The recent economic downturn has magnified already-growing pressures on development teams. Meeting the bottom line requires making good design decisions, delivering on time, and increasing the predictability of development—all good reasons to move to Agile development. But what are the sorts of projects that are most likely to maximize Agile benefits while minimizing the costs? Picking the right starting point will not only bring the benefits of Agile development earlier, but also make it easier to demonstrate these benefits to stakeholders in your organization.
Join Forrester Senior Analyst, Tom Grant, and Rally Software EVP of Marketing, Richard Leavitt, for this can’t-miss discussion. You will: Learn where to expect the maximum productivity benefits and cost savings while implementing Agile, and Discover which projects will have the most impact on your organization’s bottom line.
Q: Here is a question around predictability. So predictability in short run makes sense - What about analysis of the "current" status and life-of-project predictability?
A:
Tom Grant, Senior Analyst, Forrester Research: In working with many different companies, large and small, it makes me think about, what was it that most frustrated the relationship between the development team and executives. It was around the executive’s inability to gage where exactly the project is. What sort of decisions where being made that affected the ultimate output? We had set some goals but maybe some design decisions changed over time. In that sense, I think what Agile is doing is not just the individual sprints predictable. To the extent where you can add up the individual sprints and see where the long term release is going to fall on the calendar which makes that more predictable. Also, there is the element of predictability that comes when the stakeholder is involved. Where they can look at what is coming through the development process and as I mentioned earlier to have earlier opportunities to evaluate and give feedback based on company priorities from the executives, and market feedback through marketing and sales. In that sense you are making something that is a more predictable set of releases in the longer term. Also, in terms of the parties that need to know this information, where is the roadmap headed beyond each individual release.

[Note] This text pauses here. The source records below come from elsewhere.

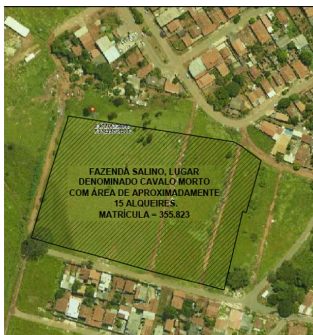
FIG.: 01 - RECORTE DO SISTEMA DE INFORMAÇÕES GEOGRÁFICAS DE GOIÂNIA – SIGGO.

De acordo com as informações obtidas no Sistema de Informações Geográficas de Goiânia – SIGGO, figura 01, Fazenda Salino, lugar denominado Cavalo Morto, neste Município, com área de aproximadamente 15 alqueires, Matrícula n.º 355.823 da 1ª Circunscrição de Registro de Imóveis , encontra-se situado na Macrozona Construída , por força da Lei Complementar N.º 349, de 04 de março de 2022.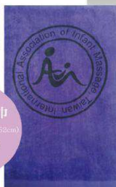
愛的抱抱巾 (MIT 100%純棉70x152cm) 售價/450元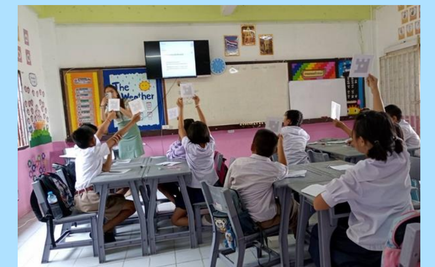
การนิเทศในชั้นเรียน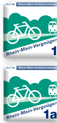
Rhein-Main Vergnügen 1a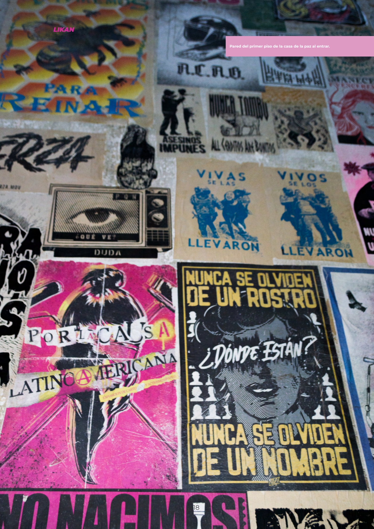
Pared del primer piso de la casa de la paz al entrar.

Comentan las creadoras que, al comienzo, fue todo un desafío construir lazos de confianza con los excombatientes, ya que ellos venían de un mundo donde solo se manejaban las armas para sobrevivir. Sin embargo, relatan que los trabajadores se dieron cuenta que Manifiesta era un espacio para generar ingresos y ser parte de la toma de decisiones de un producto. Los excombatientes y víctimas de la violencia ahora ven en Manifiesta una oportunidad para cambiar sus vidas y emprender proyectos propios.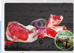
เนื้อโคขุนโพนยางคำ Pon-Yang-Khram Beef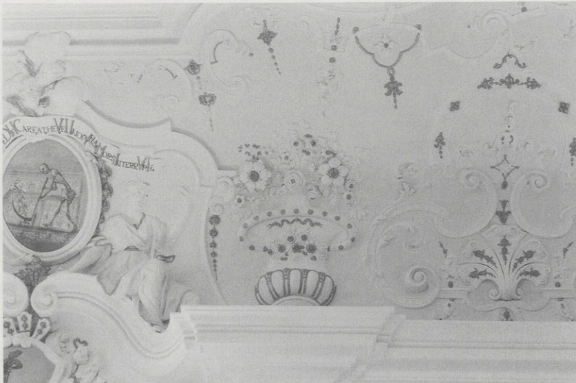
Abb. 8: Bronnbach, Sommersaal, Chronostichon auf den Tod des abtes Josef Hartmann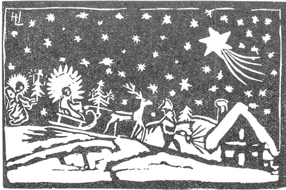
Weihnachtskarte eines Schülers in Feldkirch (Vorarlberg). In einer Stunde entworfen und geschnitten. (Linolschnitt). (Aus dem Weihnachtsheft 1932 der Jugendrotkreuz-Zeitschrift)

„Gesundheitsspiel“ gesunde Lebensführung gebracht. Zum Beispiel die Regel „Ich habe heute keinen Alkohol getrunken“. Sie wird auch manche Väter stutzig machen. Das Fenster, oder im strengsten Winter der Spalt des Fensters, der vom Kind am Abend geöffnet wird, er wird in den meisten Fällen der ganzen Familie frische Luft zuführen usw. Man mache mit dem „Gesundheitsspiel“ einen Versuch.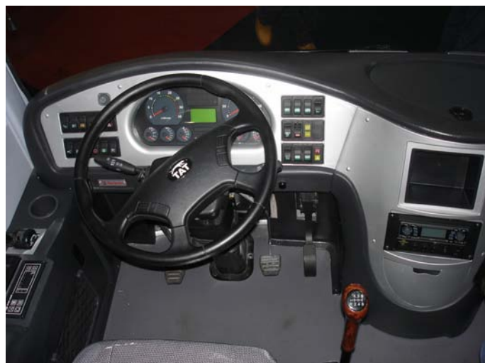
El interior del Puma D8

El modelo de turismo D8 posee el respaldo de una empresa internacional que se llama King-Long que es la segunda empresa fabricante del mundo de autobuses.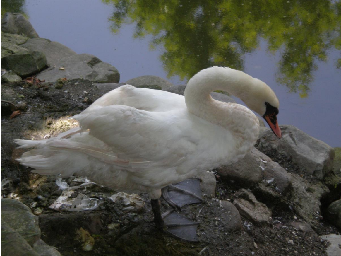
Slika 39. Vrsta Cygnus olor na močvarnom staništu Estil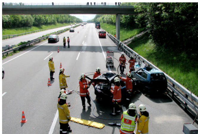
Strassenrettungsübung auf der Autobahn A1.

What strikes me often in companies who have adopted Agile is that they are more willing to move to a model where they are releasing often and getting a lot of feedback. They are also increasingly more transparent to their customers in letting them know what they are doing.
Q: Can / should agile be applied in the "enhancement" space? Here is someone in an Enterprise IT organization aimed at keeping a finance company operational, not a monolithic product offering. So much of their work is around enhancements across multiple applications. What does adoption look like for an IT organization? How is Agile best applied?
A:
Ryan Martens, CTO & Founder, Rally Software Development: I am not going to say there is one right way, though I have seen a number of organizations adopt it in this path.

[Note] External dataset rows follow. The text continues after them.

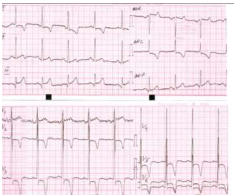
Рис. 1. ЭКГ больного X, 27 лет.

Лабораторные данные: эритроциты - 5.84 \times 10^{12}/л , гемоглобин - 153 г/л, лейкоциты - 8.2 \times 10^9/л : эозинофилы – 1%, палочкоядерные – 4%, сегментоядерные – 56%, лимфоциты – 35%, моноциты – 4%; тромбоциты – 136 \times 10^9/л , СОЭ- 4 мм/час. Общий анализ мочи без патологии. Биохимический анализ крови: общий белок – 65. Билирубин общий - 16.5 мкмоль/л. Билирубин прямой - 4.8 мкмоль/л. Мочевина - 6.5 ммоль/л, Креатинин – 72 мкмоль/л. АЛТ – 54 ед/л, АСТ – 34 ед/л, глюкоза- 6.2 ммоль/л, КФК общ – 59 ед/л, КФК МБ - 15.4 ед/л, натрий – 142 ммоль/л, калий - 4.72 ммоль/л, хлориды – 107 ммоль/л.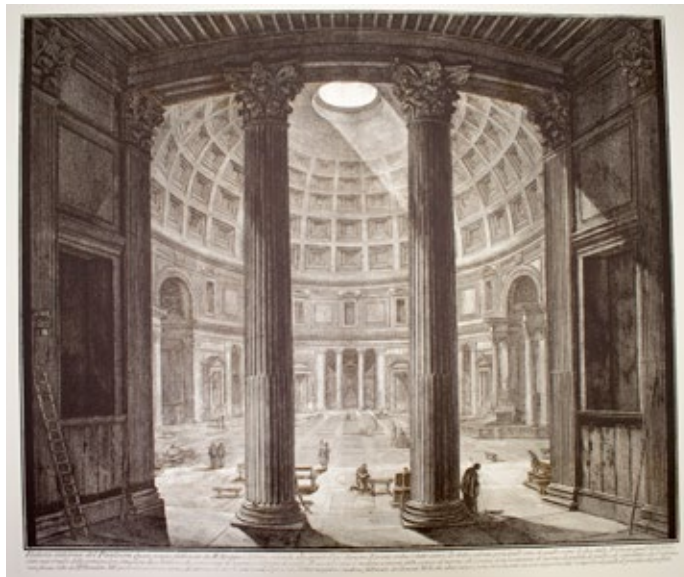
Intérieur du Panthéon, 1770 © Giambattista Piranesi

Ensemble comprenant 7 fac-similés de gravures à l'eau forte Collection Centre Méditerranéen de la Photographie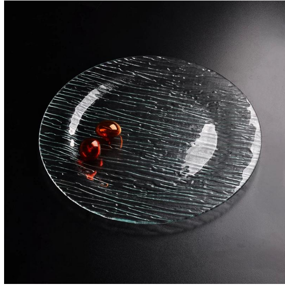
rotonda lastra di vetro chiaro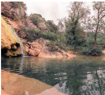
Cascade Les Pausades

6 Le sentier coupe une piste. Continuer jusqu'à la route en contrebas. Aller à gauche sur quelques mètres. Prendre à droite. Traverser un lotissement. Un peu plus loin, recouper la route. Continuer à descendre entre les maisons vers le village puis la mairie.

This path is that they tend to adopt it first in those software services that face customers and partners. These applications are providing value to the organization, or direct revenue to the organization. The web groups tend to be the first ones to adopt it, because they are trying to compete and they are almost behaving like product organizations. What happens when this goes on is that the web groups might be the first and then realize that need middle ware services from either the larger organization in IT or mainframe groups in IT to support them. They tend to bring those people onto their team and one of the answers is that they then create monolithic product organizations within IT. What happens when that process takes place is that the maintenance associated with those services then is owned by those teams so the enhancements teams get folded into almost product like teams. That is certainly one way we have seen IT organization “eat” Agile.

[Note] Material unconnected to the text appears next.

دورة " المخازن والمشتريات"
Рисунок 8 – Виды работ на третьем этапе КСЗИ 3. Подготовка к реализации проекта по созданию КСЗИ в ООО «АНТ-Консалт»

We have also seen IT organizations come at it at just the opposite way. Where an organization is driven in supporting big SAP implementations where SAP runs a lot of the infrastructure of their business. Here they will actually pick up entire application areas and focus parts of IT on specific lines of business, and in essence creates almost line of business teams in the regard. Again we tend to see maintenance and operations capabilities fold into those organizations.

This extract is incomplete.